The allowance for loan losses was $53.6 million at September 30, 2013, an increase of  $586,000 from the prior quarter levels. The Company's allowance for loan losses was 1.18% and  1.17% of total loans at September 30, 2013 and June 30, 2013, respectively.  Christopher Oddleifson - Chief Executive Officer, Denis Sheahan - Chief Operating Officer,  and Robert Cozzone - Chief Financial Officer will host a conference call to discuss third quarter  earnings at 10:00 a.m. Eastern Time on Friday, October 18, 2013. Internet access to the call is  available on the Company's website at www.RocklandTrust.com or via telephonic access by dial-in at  1-888-317-6016 reference: INDB. A replay of the call will be available by calling 1-877-344-7529. Replay Pass code: 10034289. The webcast replay will be available until October 18, 2014.

Rockland Trust is a full-service commercial bank headquartered in Massachusetts with $5.9  billion in assets. The sole bank subsidiary of Independent Bank Corp., Rockland Trust provides a  wide range of consumer, business, investment, and insurance products and services.
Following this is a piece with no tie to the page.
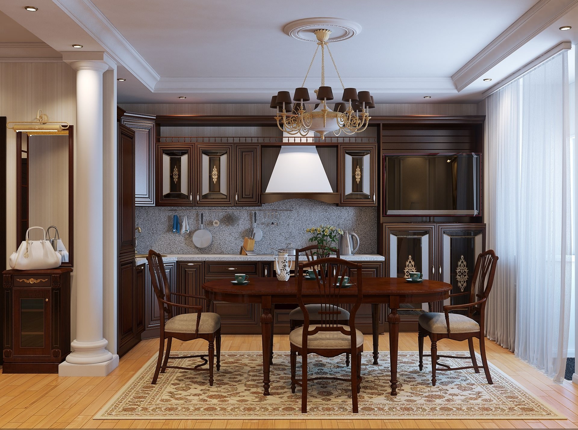 Кухня-гостиная в классическом стиле
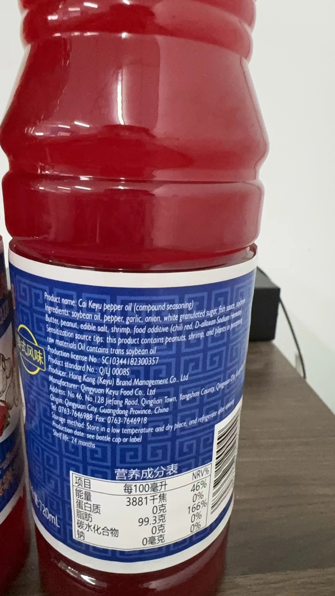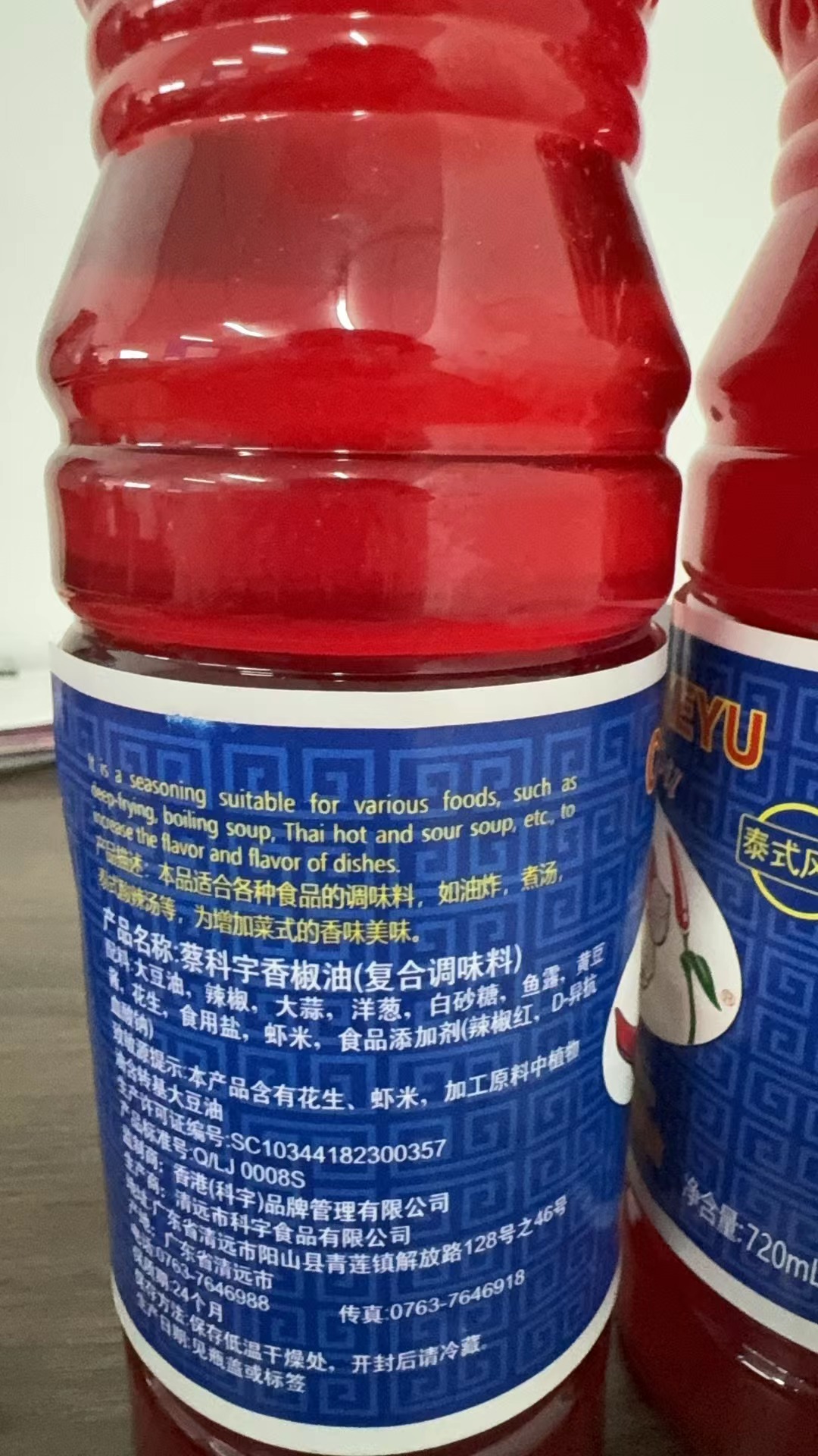 蔡科宇顶上香椒油 720ml装 泰式 辣椒红油 冬阴功汤增色

Named a  Boston Globe "Best Place to Work" for four consecutive years and one of America's "Best Banks" by  Forbes for three consecutive years, Rockland Trust's network consists of 75 retail branches, 10  commercial lending offices, four investment management, and three residential lending centers  throughout Eastern Massachusetts and Rhode Island. To find out why Rockland Trust is the bank  "Where Each Relationship Matters®", please visit www.RocklandTrust.com. Member FDIC. Equal  Housing Lender.

This press release contains certain "forward-looking statements" with respect to the financial condition, results of operations and business of the Company. Actual results may differ from those contemplated by these statements. The Company wishes to caution readers not to place undue reliance on any forward-looking statements. The Company disclaims any intent or obligation to update publicly any such forward-looking statements, whether in response to new information, future events or otherwise.

This press release contains financial information determined by methods other than in accordance with accounting principles generally accepted in the United States of America ("GAAP"). Operating earnings, which is a non-GAAP financial measure, excludes gain or loss due to items that management believes are unrelated to its core banking business and will not have a material financial impact on operating results in future periods, such as gains or losses on the sales of securities, merger and acquisition expenses, and other items. The Company's management uses operating earnings to measure the strength of the Company's core banking business and to identify trends that may to some extent be obscured by such gains or losses. The Company has included information on operating earnings because management believes that investors may find it useful to have access to the same analytical tool used by management and may also find that it facilitates the comparison of the Company to other companies in the financial services industry. Non-GAAP operating earnings should not be viewed as a substitute for operating results determined in accordance with GAAP. An item which management deems to be non-core and excludes when computing non-GAAP operating earnings can be of substantial importance to the Company's results for any particular quarter or year. The Company's non-GAAP operating earnings are not necessarily comparable to non-GAAP performance measures which may be presented by other companies.